TASK MATERIAL Start Marker

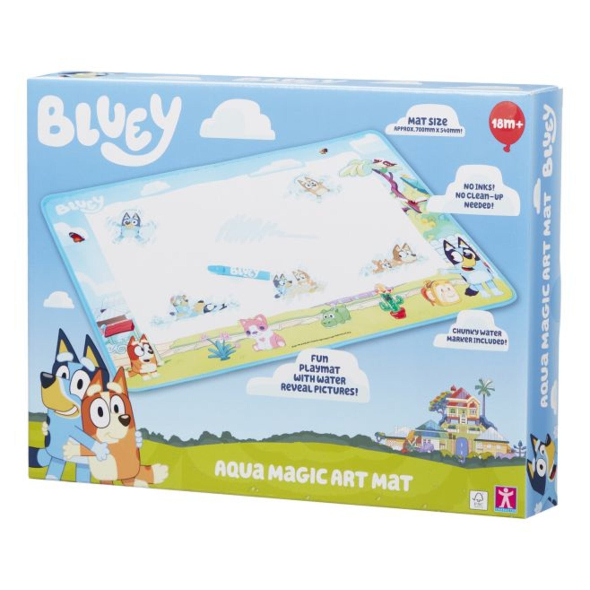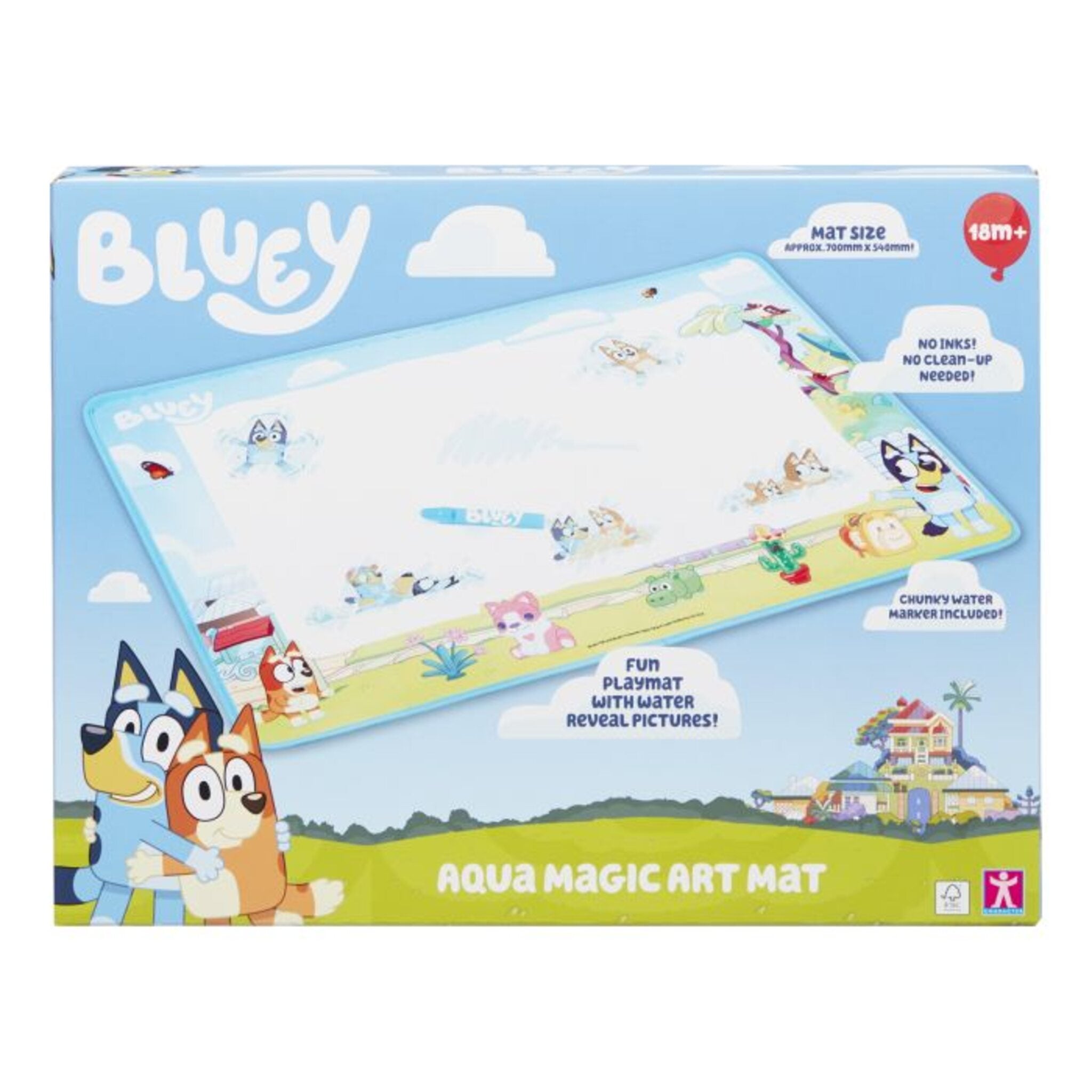 Let your little pup enjoy hours of mess-free creative fun with the Bluey Aquamagic Art Mat! This large mat measures 700 x 540 mm and features colourful Bluey designs around the edge. Simply fill the included sponge pen with water and wipe it across the mat to reveal fun Bluey designs.
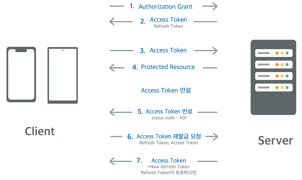 - Client가 refresh token과 만료된 access token을 가지고 재발급 요청을 보내면
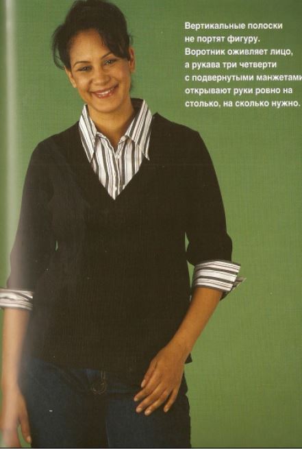красиво оденем "реальную" женщину, если совсем точно - поможем ей избежать ошибок при выборе одежды. И каждая ошибка иллюстрируется красочными фото на весь разворот - как не надо носить вещь и как надо. Кроме того, из информации на фото можно понять, какому типу фигуры (используется все тот же старый-добрый грушево-яблочный метод типирования) подходит рекомендованная одежда.
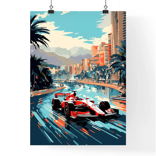 Race Car On A Road With Palm Trees And Mountains In The Background Art Print
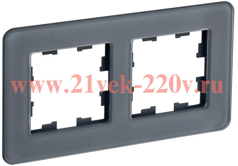 Двухпостовое, декоративное обрамление из стекла, для электроустановочных механизмов скрытого монтажа IEK BRITE, серого цвета BR-M22-G-41-K53
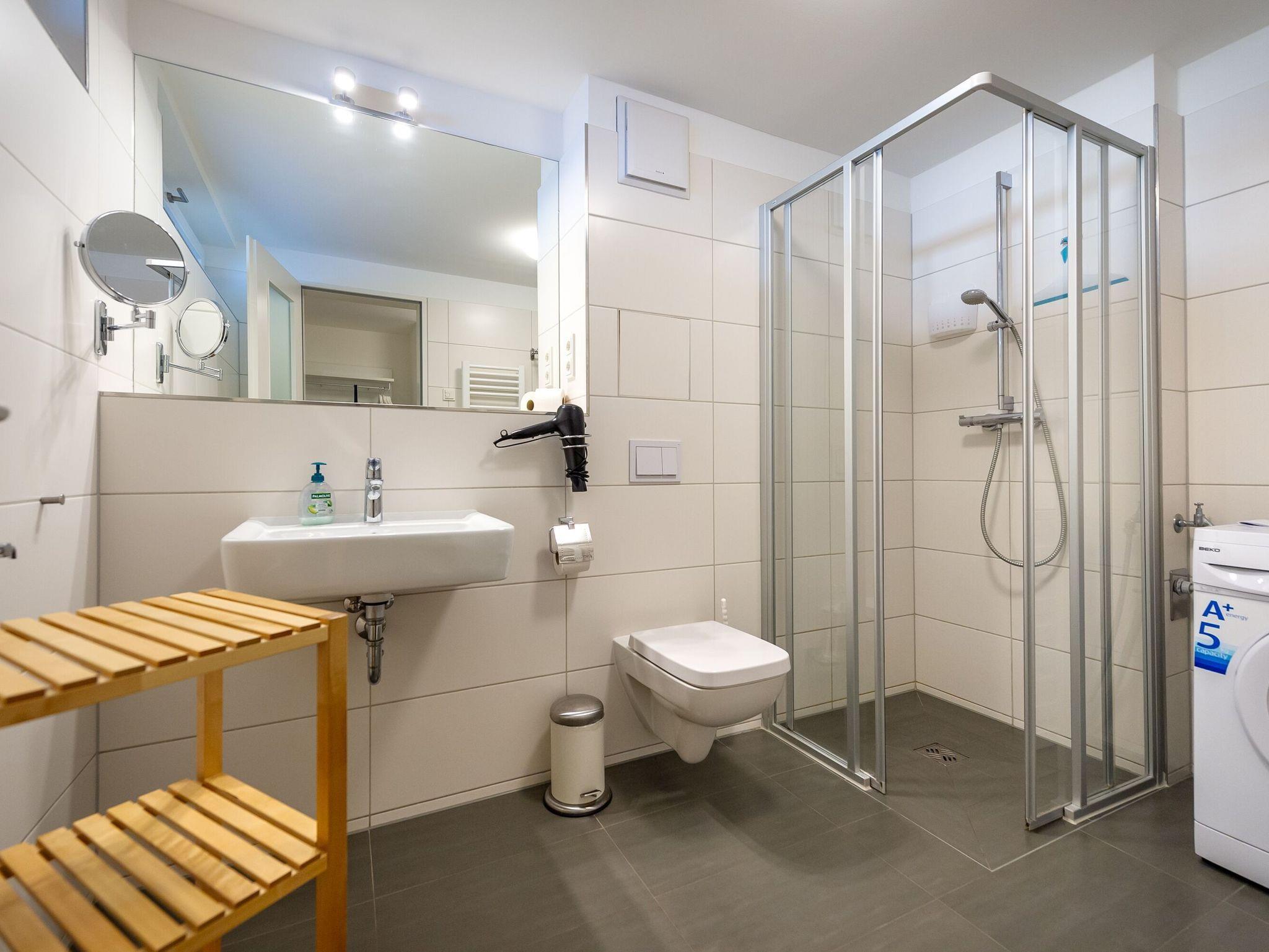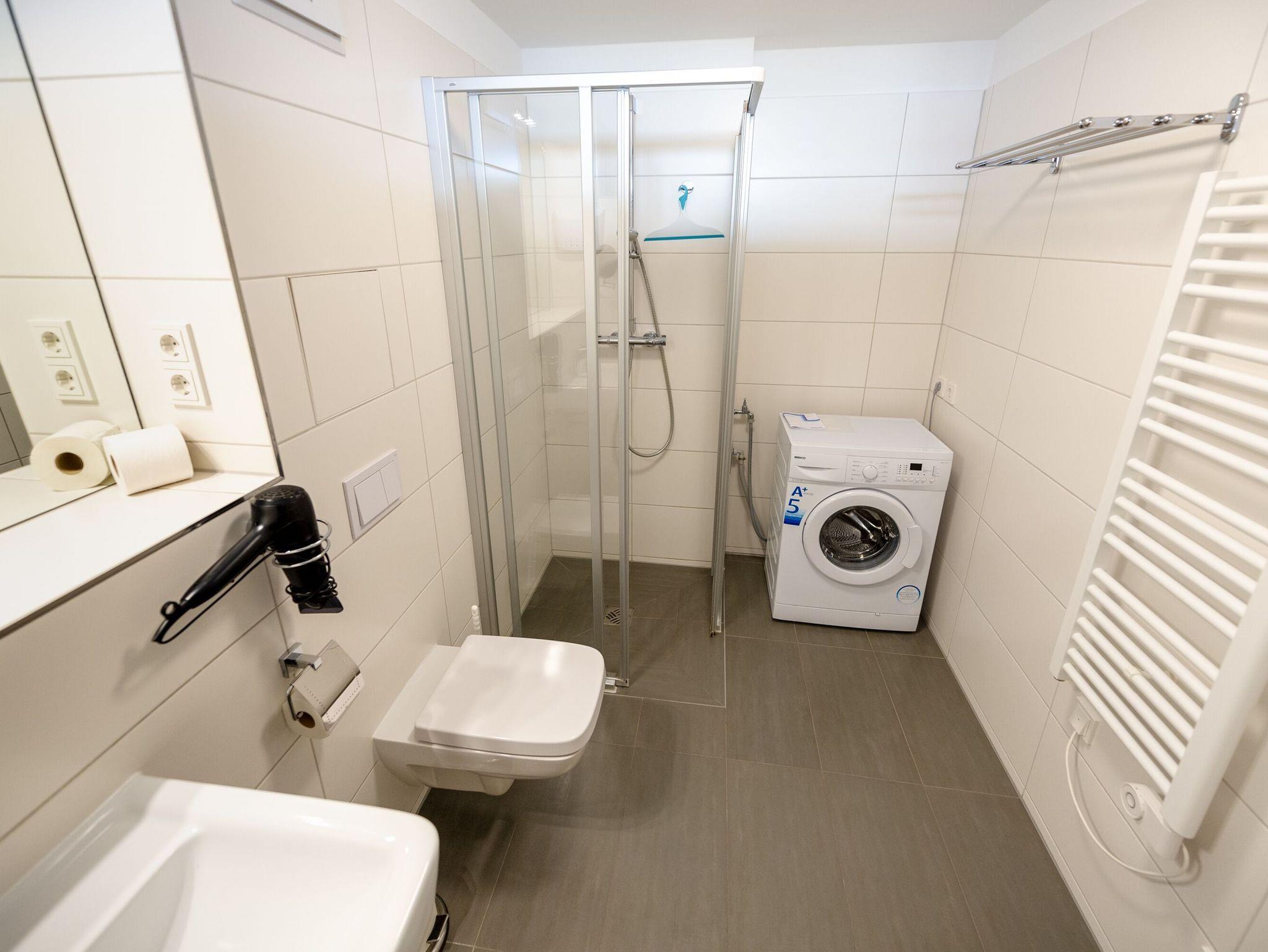 Auch das Badezimmer weiß zu überzeugen. Neben Dusche/WC, einem Handtuchwärmer, Kosmetikspiegel und Fön steht Ihnen hier sogar eine Waschmaschine zur Verfügung. Ideal für die kleine Urlaubswäsche zwischendurch.
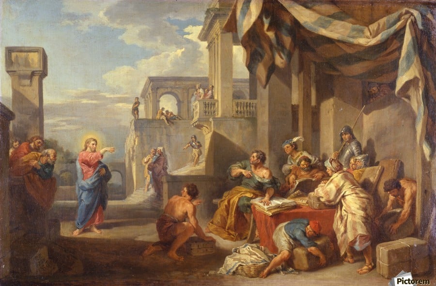 Τῷ καιρῷ ἐκείνῳ, παράγων ὁ Ἰησοῦς εἶδεν ἄνθρωπον καθήμενον ἐπὶ τὸ τελώνιον, Ματθαῖον λεγόμενον, καὶ λέγει αὐτῷ· ἀκολούθει μοι. καὶ ἀναστὰς ἠκολούθησεν αὐτῷ. Καὶ ἐγένετο αὐτοῦ ἀνακειμένου ἐν τῇ οἰκίᾳ, καὶ ἰδοὺ πολλοὶ τελῶναι καὶ ἁμαρτωλοὶ ἐλθόντες συνανέκειντο τῷ Ἰησοῦ καὶ τοῖς μαθηταῖς αὐτοῦ. καὶ ἰδόντες οἱ Φαρισαῖοι εἶπον τοῖς μαθηταῖς αὐτοῦ· διατί μετὰ τῶν τελωνῶν καὶ ἁμαρτωλῶν ἐσθίει ὁ διδάσκαλος ὑμῶν; ὁ δὲ Ἰησοῦς ἀκούσας εἶπεν αὐτοῖς· οὐ χρείαν ἔχουσιν οἱ ἰσχύοντες ἰατροῦ, ἀλλ᾿ οἱ κακῶς ἔχοντες. πορευθέντες δὲ μάθετε τί ἐστιν ἔλεον θέλω καὶ οὐ θυσίαν. οὐ γὰρ ἦλθον καλέσαι δικαίους, ἀλλὰ ἁμαρτωλοὺς εἰς μετάνοιαν.
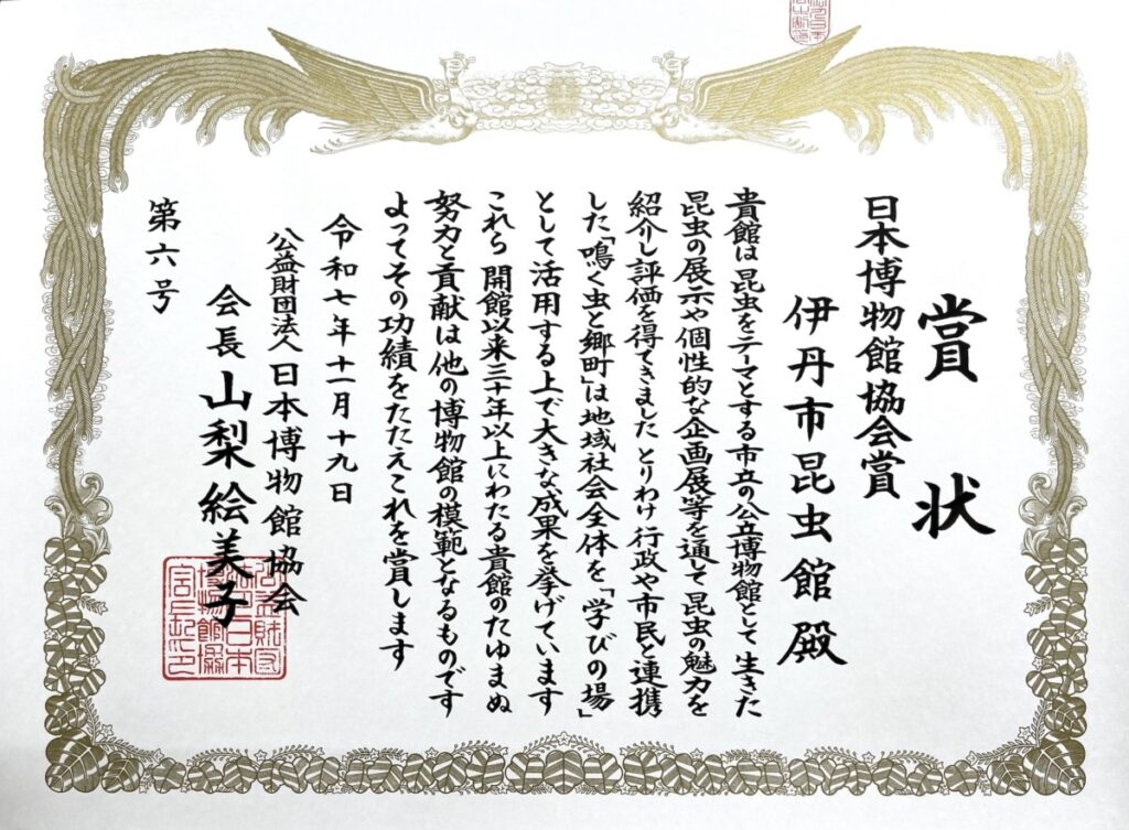 受賞理由には、伊丹市昆虫館が歩んできた独自の活動が深く刻まれています。
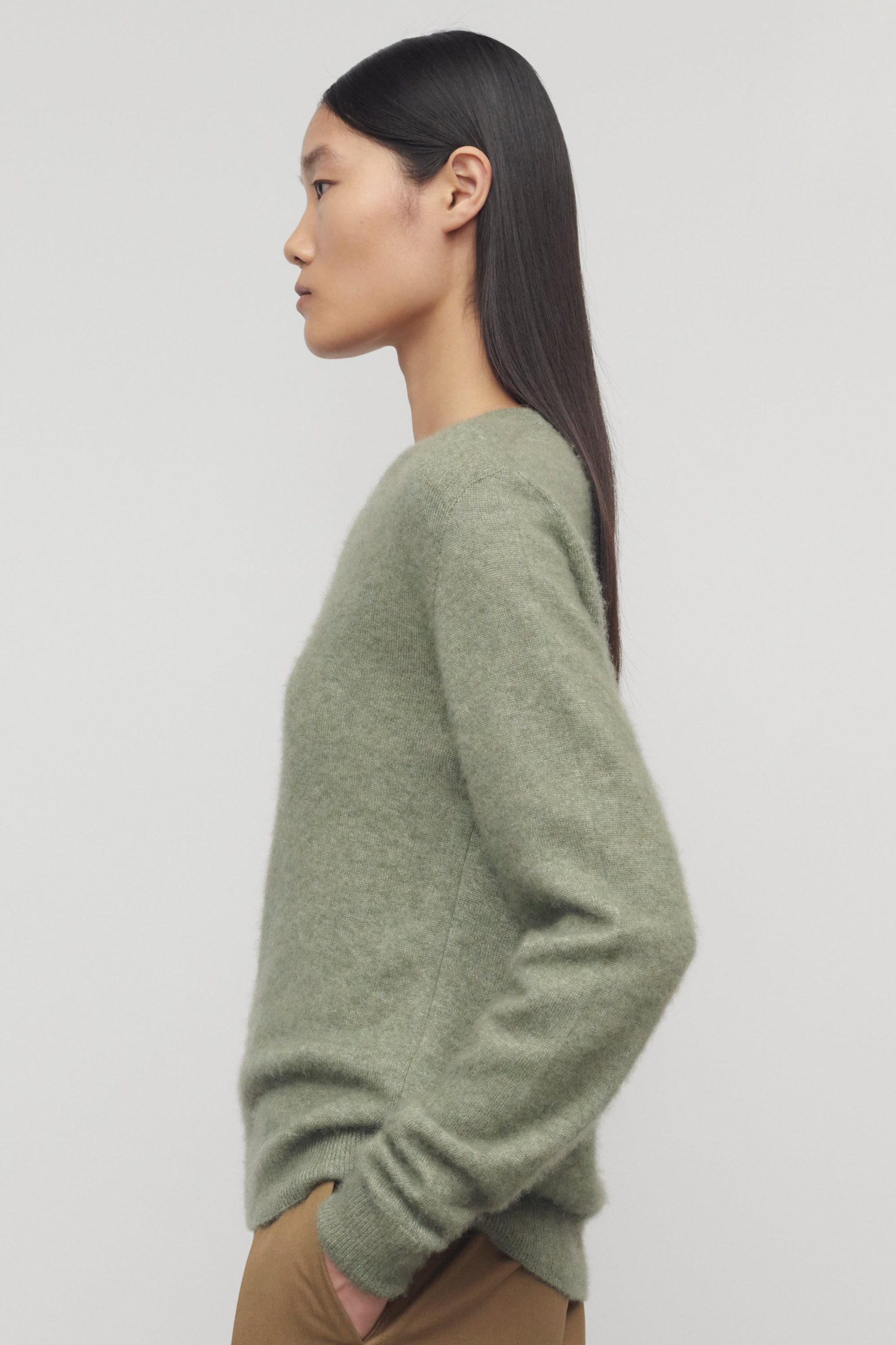 Classic crewneck sweater in textured cashmere and silk with regular fit and ribbed neckline. cuffs. and hem.
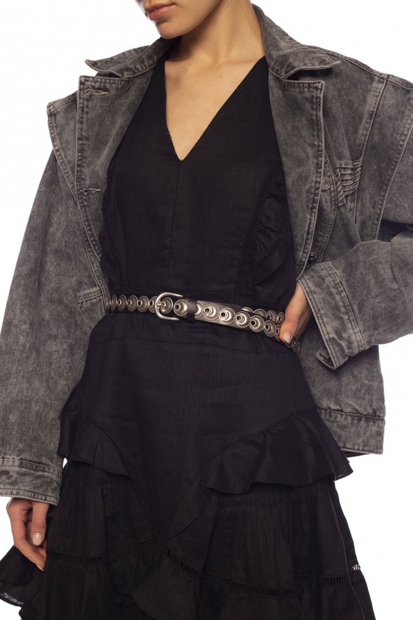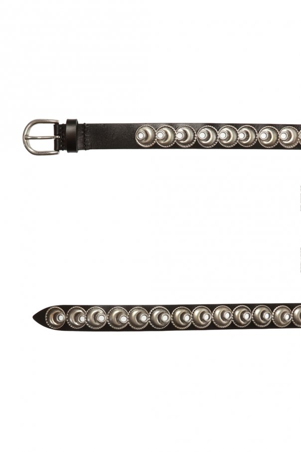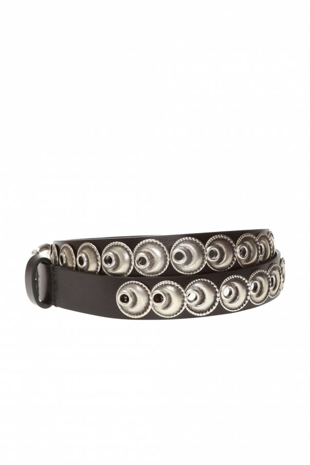 Black belt from Isabel Marant. Made of leather. Enriched by decorative elements in antiqued silver-tone.

TASK MATERIAL End Marker

_ABOUT THIS TASK:_
Leaving pictures aside, give again word for word each line from the one with "Двухпостовое, декоративное обрамление" to the final line of the entries.

_EXERCISE SOLUTION:_
 Двухпостовое, декоративное обрамление из стекла, для электроустановочных механизмов скрытого монтажа IEK BRITE, серого цвета BR-M22-G-41-K53
 Auch das Badezimmer weiß zu überzeugen. Neben Dusche/WC, einem Handtuchwärmer, Kosmetikspiegel und Fön steht Ihnen hier sogar eine Waschmaschine zur Verfügung. Ideal für die kleine Urlaubswäsche zwischendurch.
 Τῷ καιρῷ ἐκείνῳ, παράγων ὁ Ἰησοῦς εἶδεν ἄνθρωπον καθήμενον ἐπὶ τὸ τελώνιον, Ματθαῖον λεγόμενον, καὶ λέγει αὐτῷ· ἀκολούθει μοι. καὶ ἀναστὰς ἠκολούθησεν αὐτῷ. Καὶ ἐγένετο αὐτοῦ ἀνακειμένου ἐν τῇ οἰκίᾳ, καὶ ἰδοὺ πολλοὶ τελῶναι καὶ ἁμαρτωλοὶ ἐλθόντες συνανέκειντο τῷ Ἰησοῦ καὶ τοῖς μαθηταῖς αὐτοῦ. καὶ ἰδόντες οἱ Φαρισαῖοι εἶπον τοῖς μαθηταῖς αὐτοῦ· διατί μετὰ τῶν τελωνῶν καὶ ἁμαρτωλῶν ἐσθίει ὁ διδάσκαλος ὑμῶν; ὁ δὲ Ἰησοῦς ἀκούσας εἶπεν αὐτοῖς· οὐ χρείαν ἔχουσιν οἱ ἰσχύοντες ἰατροῦ, ἀλλ᾿ οἱ κακῶς ἔχοντες. πορευθέντες δὲ μάθετε τί ἐστιν ἔλεον θέλω καὶ οὐ θυσίαν. οὐ γὰρ ἦλθον καλέσαι δικαίους, ἀλλὰ ἁμαρτωλοὺς εἰς μετάνοιαν.
 受賞理由には、伊丹市昆虫館が歩んできた独自の活動が深く刻まれています。
 Classic crewneck sweater in textured cashmere and silk with regular fit and ribbed neckline. cuffs. and hem.
 Black belt from Isabel Marant. Made of leather. Enriched by decorative elements in antiqued silver-tone.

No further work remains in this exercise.